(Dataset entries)
- - - - -
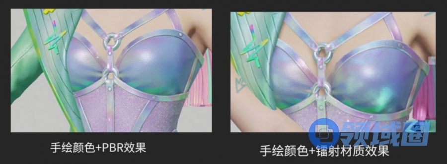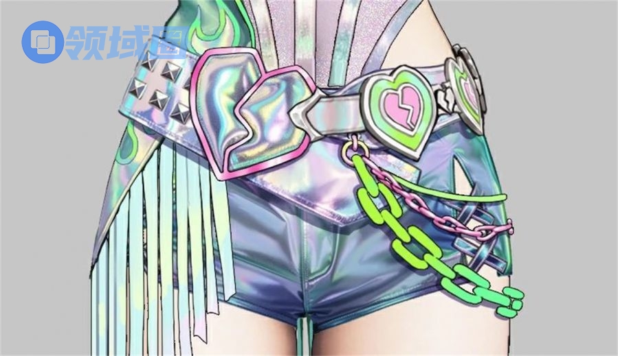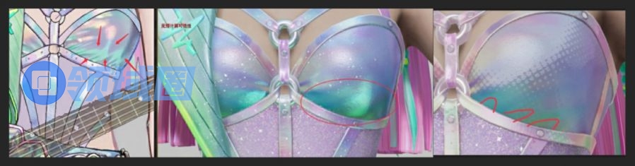 举例来说,在这套时装里我们使用了大量的镭射材质,而为了实现这个效果我们在建模阶段下了很大的功夫。比如琉璃的上装边缘处,我们就特地通过手绘镭射颜色的方式去加强模型里的镭射效果,更可控地去还原原画:
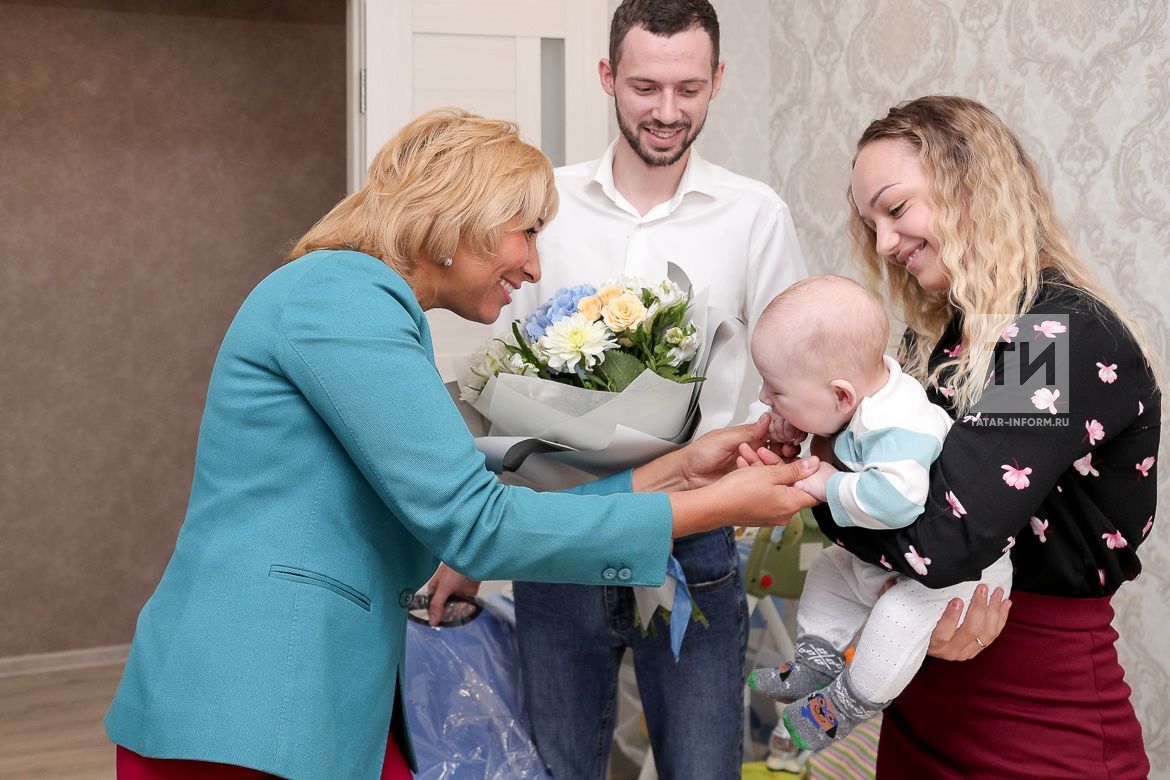 Глава Минтруда РТ поздравила с рождением первенцев две сельские семьи и вручила автокресла
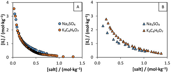 Experimental results, presented in Figure 4, show that the salt influence on the formation of the ABS depends on the IL. In systems using [N4444][Theop], the binodal curves are similar, with K3C6H5O7 being a slightly better ABS inducer than Na2SO4. The same does not apply for [N4444][Theob] binodal curves, with Na2SO4 being a better ABS promoter than K3C6H5O7. This change in tendency was also observed with other ILs [67]. Take the formation of ABS with [N4444]Cl/[N4444]Br and Na2SO4/K3C6H5O7 as an example, for which the K3C6H5O7 salt ability to form ABS with [N4444]Br is slightly better than the one reported for Na2SO4 [68]. However, the anion change from bromide to chloride leads to the modification of this tendency, with K3C6H5O7 being a stronger salting-out agent than Na2SO4 [67,68]. Overall, the salt seems to have a small impact on the binodal curves, under the tested conditions.
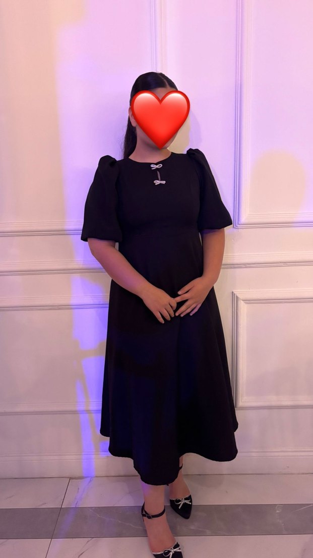 Siyah, kısa kollu ve halter yakalı, ipeksi dokulu midi elbise, rahat ve şık bir görünüm sunar. Gotik tarzıyla romantik akşamlar için uygundur. Desensiz ve vücuda oturan kesimlidir. 1.60 boyum 65-75 kiloya olur
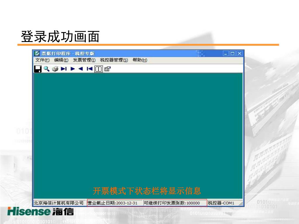 海信税控产品使用手册. 外挂式税控器 北京 北京海信计算机有限公司 2003-06. 重新获得新的授权. 日常开票 不需要插入 IC 卡. 插入 IC 卡 执行 “ 授权 ” 操作. 到达授权期限. 卡中得到新一期授权. 报数成功 获得新一期授权. 插入 IC 卡 执行 “ 报税 ” 操作. 持卡到地税局报数. 使用流程. 软件介绍. 发票领用. 发票打印. 发票打印. 发票查询. 发票管理. 无效发票处理. 软件登录 ( 用户管理 ). 税控器授权. 税控管理. IC 卡报数. 票面位置调整. 其他设置.
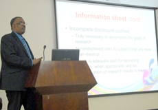 وأشار الدكتور القرني إلى أن "المحاضر أكد على أن هناك لجان علمية ضامنة للقيام ببحث ملتزم بالأخلاق والمعايير الإنسانية"، مضيفاً "المعايير الدولية المتفق عليها تندرج تحت احترام ذات الفرد المشاركة في البحث، وعدم التسبب بأي ضرر أو إيذاء الصحة النفسية أو العضوية، وأن تكون مصلحة المشارك في البحث هي الهاجس الأول والأخير، وتحقيق العدالة بحيث يكون لكل مشارك نفس الفرص في قبول الإيجابيات والسلبيات في البحث".
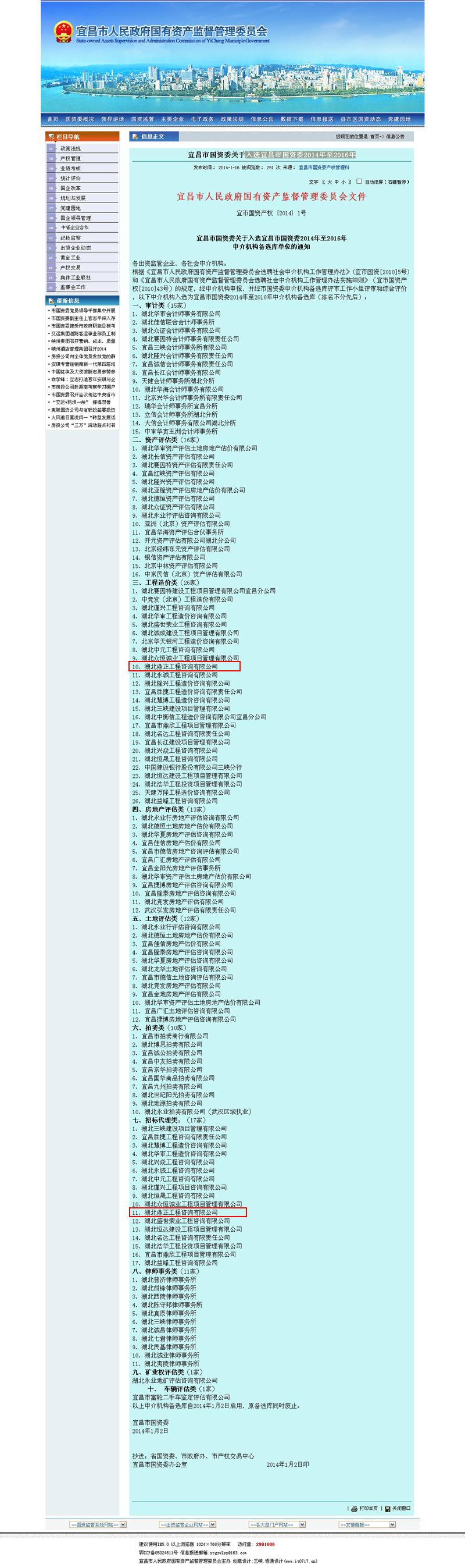我公司入選宜昌市國資委2014年至2016年中介機構備選庫
- - - - -
_WORK INSTRUCTION_: Write out nothing but the lines from the start of the data through the line with "Experimental results, presented". Leave out the pictures.

_WRITTEN RESPONSE_:
 举例来说,在这套时装里我们使用了大量的镭射材质,而为了实现这个效果我们在建模阶段下了很大的功夫。比如琉璃的上装边缘处,我们就特地通过手绘镭射颜色的方式去加强模型里的镭射效果,更可控地去还原原画:
 Глава Минтруда РТ поздравила с рождением первенцев две сельские семьи и вручила автокресла
 Experimental results, presented in Figure 4, show that the salt influence on the formation of the ABS depends on the IL. In systems using [N4444][Theop], the binodal curves are similar, with K3C6H5O7 being a slightly better ABS inducer than Na2SO4. The same does not apply for [N4444][Theob] binodal curves, with Na2SO4 being a better ABS promoter than K3C6H5O7. This change in tendency was also observed with other ILs [67]. Take the formation of ABS with [N4444]Cl/[N4444]Br and Na2SO4/K3C6H5O7 as an example, for which the K3C6H5O7 salt ability to form ABS with [N4444]Br is slightly better than the one reported for Na2SO4 [68]. However, the anion change from bromide to chloride leads to the modification of this tendency, with K3C6H5O7 being a stronger salting-out agent than Na2SO4 [67,68]. Overall, the salt seems to have a small impact on the binodal curves, under the tested conditions.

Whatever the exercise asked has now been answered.